Had none of these people read Funny Money? One has to assume not.
+++++++++++++++++
I wrote last week that the next time a politician said that he or she was acting "within the rules" the response should be mockery. This week's Question Time took it beyond that. It was sheer home-blown anger. The politicians have now made a move which I've never seen in my lifetime. It's almost on a par with Cable & Wireless and then NTL giving up the ghost on their brand names when it comes to cable TV. Time after time I heard on the radio the past few days that so-and-so "declined to be interviewed". That's as close as you will ever get to a politician throwing in the towel.
Matthew Engel was spot-on in the FT this morning. He noted that the House of Commons used have members who were renowned in other fields -- he refers to Sir Christopher Wren and Sir Isaac Newton. These days no-one with any talent would want to become an MP.

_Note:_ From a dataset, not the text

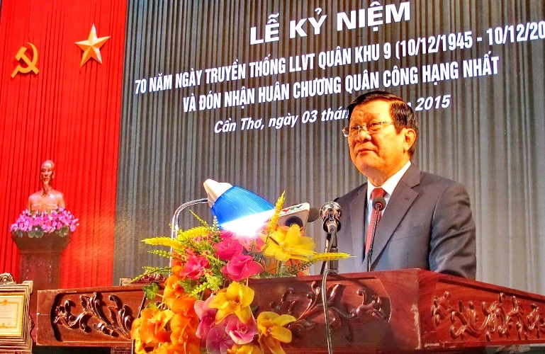 Phát biểu tại buổi lễ, Chủ tịch nước Trương Tấn Sang biểu dương thành tích của LLVT Quân khu 9 đã viết nên truyền thống “Quân dân đoàn kết, kiên cường bám trụ, tự lực tự cường, anh dũng chiến đấu”.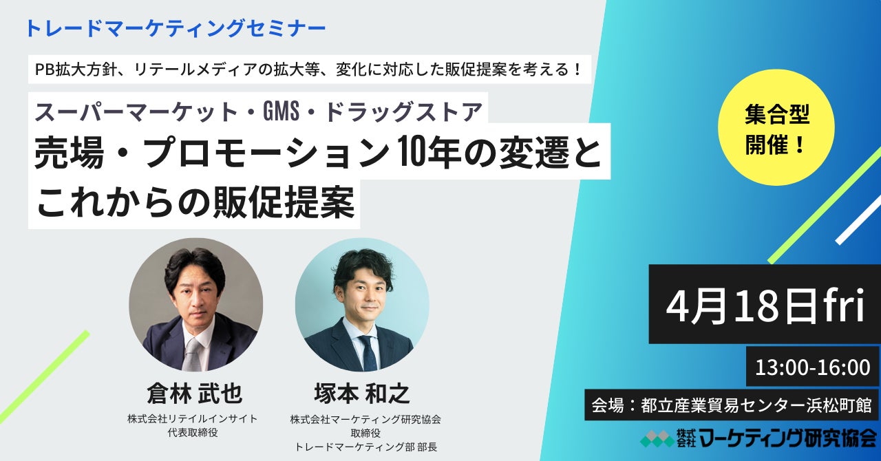 株式会社マーケティング研究協会は2025年4月18日、会場集合型セミナー「売場・プロモーションの変遷とこれからの販促提案 ~スーパーマーケット・GMS・ドラッグストア~」を開催する。

It has become a second-rate job attracting a great many second-rate people, who are not even that skilful at fiddling their expenses.
+++++++++++++++++
I bought myself a new landline telephone today. My existing phone is about nine years old and showing its age. The replacement, another Panasonic, has the merits of two handsets, and, as predicted, a completely insane instruction manual. Curiously, the work that has gone into updating the phone hasn't gone into the instruction manual, which is remarkably similar (in design) to the instruction manual of the nigh-on decade-old Panasonic that the new phones are replacing. It's as if every time a function was changed, it was kludged on paragraph by paragraph to the old manual, with no overall analysis of the overall design. The Panasonic manual for my DVD recorded suffers the same flaw.
The result of this is that there is no "grand vision" in the manual. It is, for example, page 14 before you are told that you need to charge the batteries for seven hours before using the thing at all (it's page 15 before you are told how to turn the thing on and off). However, it does tell me eight pages earlier that I should not install the phone during an electrical storm, and that I should consult my doctor about using the phone if I have a pacemaker installed.
++++++++++++++++
It's an old adage in poker that the short-run is longer than you think. Indeed, I strongly suspect that my run from August to the end of March was down to good fortune. Good runs and bad runs are a bit like the market. They wait until you are convinced that it's not standard deviation before proving to you that they are.
Certainly since the start of April I've been seeing the obverse of this, scrabbling to small gains ($600 in six weeks and 30,000 hands) and getting that 'two steps forward, two steps back' feeling every week. The turnaround at Party has been the most stunning. Having run well there until April 8th, I've run like crap there ever since, losing back just over $1000 (maybe $1300 in open play) in a mixture of $100 and $200 buy ins. This about a 12,000-hand run -- quite substantial and enough to lead to doubts that you have been "found out". But the 12k number of hands isn't really that great. That's only about 800 pairs, of which only 90 or so will turn into sets. Throw in the AK, AQ, suited connectors, etc, and you have about 400 hands that "matter". Make it an 55:45 chance that you have a good win or a bad loss (say, $50 average) on those 400 hands. If you run 240 to 160, you are $4k up. If you run 190 to 210, you are $1k down. In other words, a twist on just 50 of those 12,000 hands can make $5k difference. When you look at it that way, it can easily be a bad run.